Best of Paris
Louvre Museum Paris: The Complete First-Time Visitor Guide
The Louvre is the world's most visited museum and one of the most overwhelming — 380,000 works across 72,735 square metres of galleries that could absorb weeks of sustained attention, housed in a former royal palace whose architecture is itself a work of art. A first visit requires radical curation: the three absolute must-sees are the Mona Lisa (Room 711, Denon Wing, surrounded by crowds — visit at opening or during the 9pm Wednesday/Friday late openings), the Venus de Milo (Room 16, Sully Wing, far less crowded), and the Winged Victory of Samothrace (top of the Denon Wing staircase — the greatest display of a sculpture anywhere in the world).
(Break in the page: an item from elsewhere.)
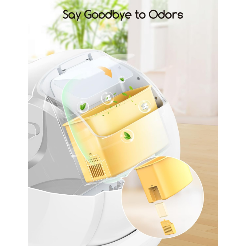 - Odor Control & Whisper-quiet: Meowant automatic litter box odor-proof cover physically isolation odors in its tracks and scented gel keep litter box a fresh toilet environment. Built-in ultra-quiet motor with noise as low as 38dB, providing a peaceful environment for you or your family

The Dutch and Flemish galleries (Vermeer's The Lacemaker, Rembrandt's Bathsheba) and the ancient Egyptian antiquities (second largest collection in the world after Cairo) are often overlooked. Buy timed-entry tickets online — the Louvre does not issue same-day tickets at the door, and the I.M. Pei glass pyramid entrance queues without pre-booking can exceed 2 hours. The Richelieu Wing is consistently less crowded than Denon. The last 90 minutes before closing are the least crowded in the entire day.